===== RECORDS SHOWN
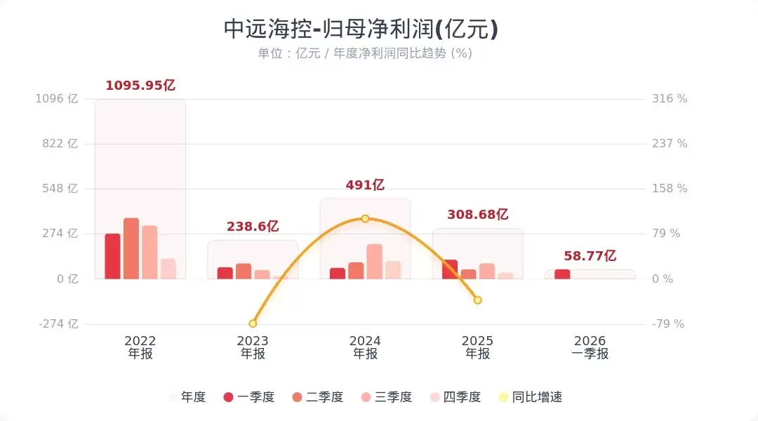 市场刚刚迎来一份备受关注的财报。中远海控发布的2026年第一季度报告显示,公司当期实现营业收入517.97亿元,与去年同期相比,下降了10.63%。更受关注的利润指标方面,归属于上市公司股东的净利润为58.77亿元,同比降幅达到49.75%。
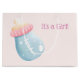 Saco de presentes com uma imagem fofa de uma garrafa de bebê azul-claro com uma jante rosa.
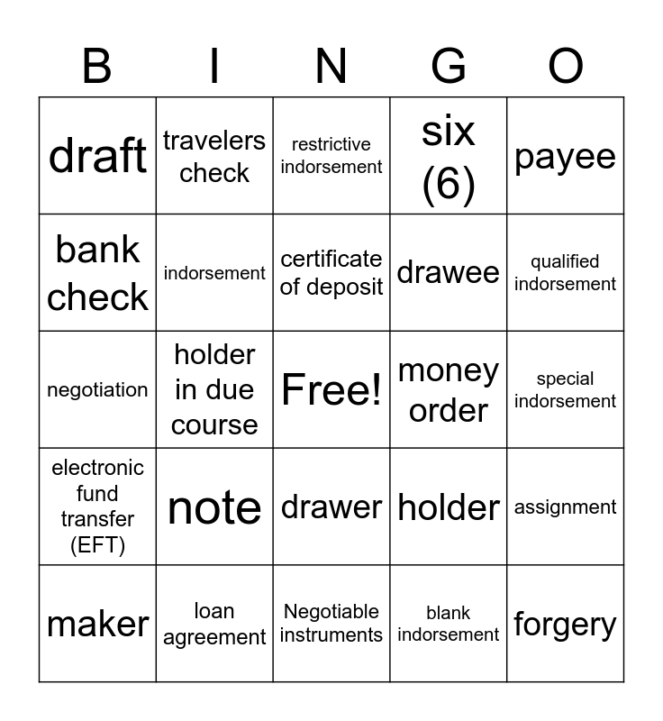 This bingo card has a free space and 24 words: note, loan agreement, certificate of deposit, maker, payee, draft, bank check, travelers check, money order, drawer, drawee, negotiation, holder, assignment, indorsement, blank indorsement, special indorsement, restrictive indorsement, qualified indorsement, holder in due course, forgery, electronic fund transfer (EFT), six (6) and Negotiable instruments.
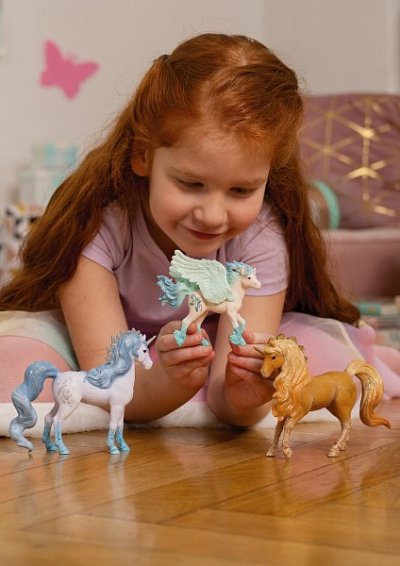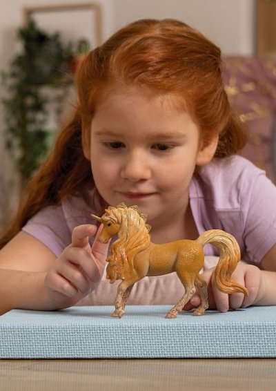 Hrdý žrebec jednorožca Apollo predstavuje udržateľnú solárnu energiu. Niet divu, pretože so svojou zlatohnedou srsťou a zlatým zúbkovaným hrebeňom na krku žiari ako slnko. Netrpezlivo švihá svojim bujným kučeravým chvostom sem a tam a klape kopýtky: Kde sú kobyla jednorožca Flowy a žriebä jednorožca Stormy? Chceli spoločne vyraziť na rodinný výlet a preskúmať krásny svet BAYALA®. Ale možno mu bude robiť spoločnosť niekto iný? Rozmery balenia: 11,8 x 16,4 x 3,9 cm. Vek: 5+
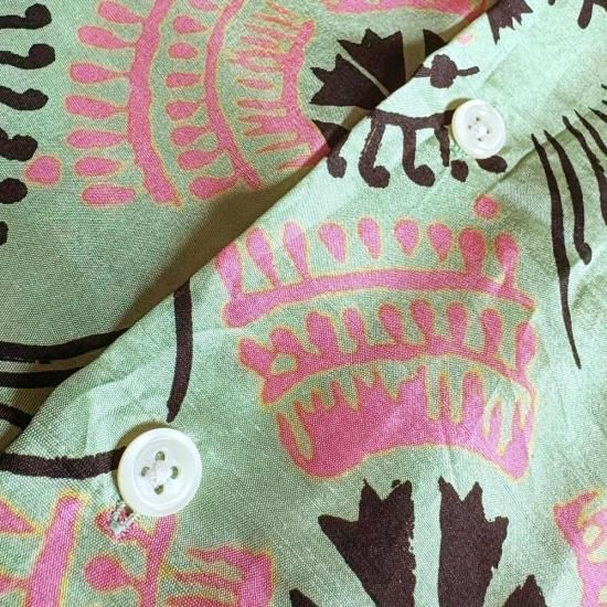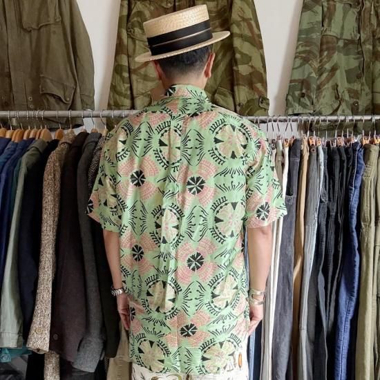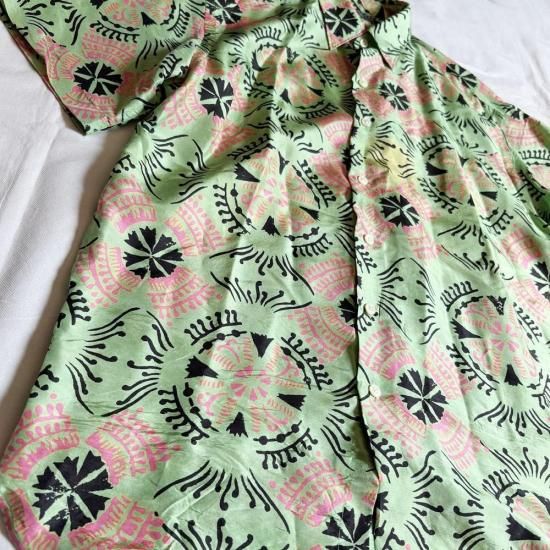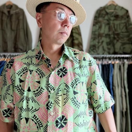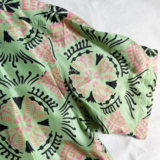 更にこちらは発色の良いライムグリーンベースに、アステカ調の民族柄を落とし込んだ一品。
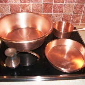 Ці матеріали володіють також властивостями міді. Мідний посуд у всі часи користувалася популярністю за рахунок своїх якостей. Мідь добре проводить тепло і завдяки цьому їжа дуже швидко готується і проварюється, прожарюється повністю. Слід зазначити, що поверхня посуду повинна бути луженной.
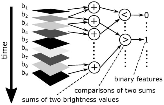 - Calculation of binary features. For each pixel, we first calculate a bit string of “binary features”. A binary feature is generated by comparing two of the brightness values of a pixel with each other (Figure 2a,b). For example, comparing brightness values with yields a binary feature with a value of 1 if and 0 otherwise. It does not matter, if a >, <, ≥ or ≤ operator is used, as long as it is consistent.
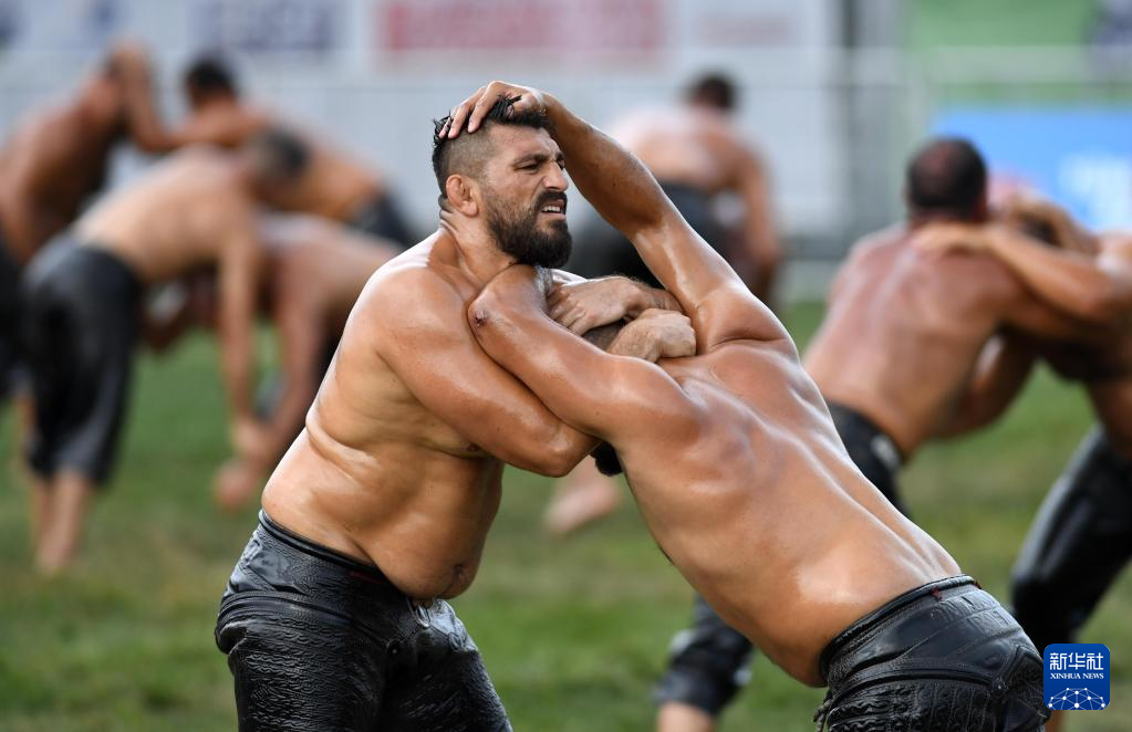 9月18日,选手们在土耳其伊斯坦布尔参加传统的橄榄油摔跤比赛。
==========
> [YOUR TASK] Copy the records above exactly. The pictures are not part of the copy.

> [OUTPUT FOR THIS TASK]
 市场刚刚迎来一份备受关注的财报。中远海控发布的2026年第一季度报告显示,公司当期实现营业收入517.97亿元,与去年同期相比,下降了10.63%。更受关注的利润指标方面,归属于上市公司股东的净利润为58.77亿元,同比降幅达到49.75%。
 Saco de presentes com uma imagem fofa de uma garrafa de bebê azul-claro com uma jante rosa.
 This bingo card has a free space and 24 words: note, loan agreement, certificate of deposit, maker, payee, draft, bank check, travelers check, money order, drawer, drawee, negotiation, holder, assignment, indorsement, blank indorsement, special indorsement, restrictive indorsement, qualified indorsement, holder in due course, forgery, electronic fund transfer (EFT), six (6) and Negotiable instruments.
 Hrdý žrebec jednorožca Apollo predstavuje udržateľnú solárnu energiu. Niet divu, pretože so svojou zlatohnedou srsťou a zlatým zúbkovaným hrebeňom na krku žiari ako slnko. Netrpezlivo švihá svojim bujným kučeravým chvostom sem a tam a klape kopýtky: Kde sú kobyla jednorožca Flowy a žriebä jednorožca Stormy? Chceli spoločne vyraziť na rodinný výlet a preskúmať krásny svet BAYALA®. Ale možno mu bude robiť spoločnosť niekto iný? Rozmery balenia: 11,8 x 16,4 x 3,9 cm. Vek: 5+
 更にこちらは発色の良いライムグリーンベースに、アステカ調の民族柄を落とし込んだ一品。
 Ці матеріали володіють також властивостями міді. Мідний посуд у всі часи користувалася популярністю за рахунок своїх якостей. Мідь добре проводить тепло і завдяки цьому їжа дуже швидко готується і проварюється, прожарюється повністю. Слід зазначити, що поверхня посуду повинна бути луженной.
 - Calculation of binary features. For each pixel, we first calculate a bit string of “binary features”. A binary feature is generated by comparing two of the brightness values of a pixel with each other (Figure 2a,b). For example, comparing brightness values with yields a binary feature with a value of 1 if and 0 otherwise. It does not matter, if a >, <, ≥ or ≤ operator is used, as long as it is consistent.
 9月18日,选手们在土耳其伊斯坦布尔参加传统的橄榄油摔跤比赛。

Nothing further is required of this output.